TJ Tallie, the new administrator, had been elected by a coalition of more agrarian and conservationist traders and merchants and Parks Inside, the common name of the Park Regional Best Interests Column. He took the platform on the main stage. The members had all taken their seats. “I am pleased to be back in Park, my time on the edges of our wonderful region has given me an experience, and a lesson in the need to pursue the interests of maintaining security, stability and health. We are not a people longing for long speeches, and we have never been.

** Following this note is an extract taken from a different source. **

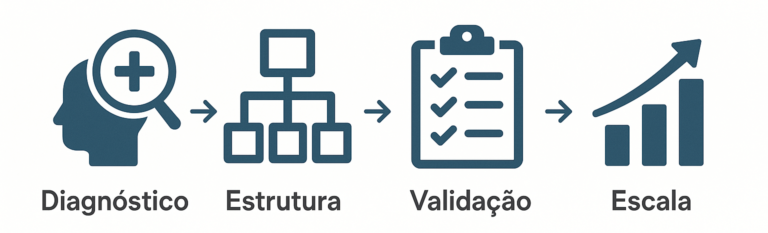 Vamos analisar brevemente sua estrutura atual, identificar gargalos de marketing e apresentar nosso método de diagnóstico, estruturação, validação e escala.

I will administer practically, and in accordance with the Park Prime Amendments. Amercements, fines and punishment for those violating our customs will be severe.” Tallie, a stalky, large man with rough, tanned skin and a glass eye, looked – for nearly a minute after this last remark, where he placed especial emphasis on the word ‘severe’ – directly at Autumn Spring. She sat in the front row, and returned his stare with complete insouciance. Her long flowing robe, a mixture of lavender, Tyrian purple with crimson collar loosely floated around her silky white skin; the outfit had been a gift from Marin. She never brought electronic equipment to Park. She wasn’t a rule-breaker, yet there was no ban on outside clothing. Unlike most of the others in Park who wore simple white, beige and recycled clothing, Autumn Spring always dressed like a Marin citizen. Her parents were both leaders in one of the largest merchants’ cooperatives, and she was regarded with either disdain or love by the denizens of Park.

Autumn Spring, next to speak, stood and took the podium. She looked at the members, and the crowd of residents packed on both sides of parliamentary platform. She took off her shoes, and spoke; she spoke loudly, louder than Tallie, who’d never been a great public speaker; there was no electrical voice amplification equipment, yet the entire hall could here her. “We, denizens of Park, must not allow fear and ignorance to keep us isolated from the world. I respect the Prime Amendments, and the ban on electronics. You know I am trained in electrical engineering, computer science and regenerative medical practices, and you all know that my opinion is that these technologies, available in Marin, could benefit us greatly. But that’s not what I am going to argue for to-day. I want communal assent to allocate resources, and allow a party of ten-and-twelve volunteers to use electrical equipment outside of the bounds of Park, to go to 53°N 132°″W. Shattered, a man of great dreams, must be allowed to make this journey, and The Youth and Freedom of Movement Platform fully endorses his desire to explore the possibility of another, even more technologically advanced than Marin, region.” Autumn Spring’s best friend, and a fellow member of Park’s parliament, Joyful, a Lassik, a people more native to the region than any other, shouted, “I second the motion!” The hall stood in silence. Autumn Spring walked gently from the podium platform, sat down, and waited for TJ to return. He came, red and slightly trembling with anger, but he dutifully, as required, called the vote.

37-33, the motion passed. Shattered’s sweaty palm grasped Mar’s dry hand.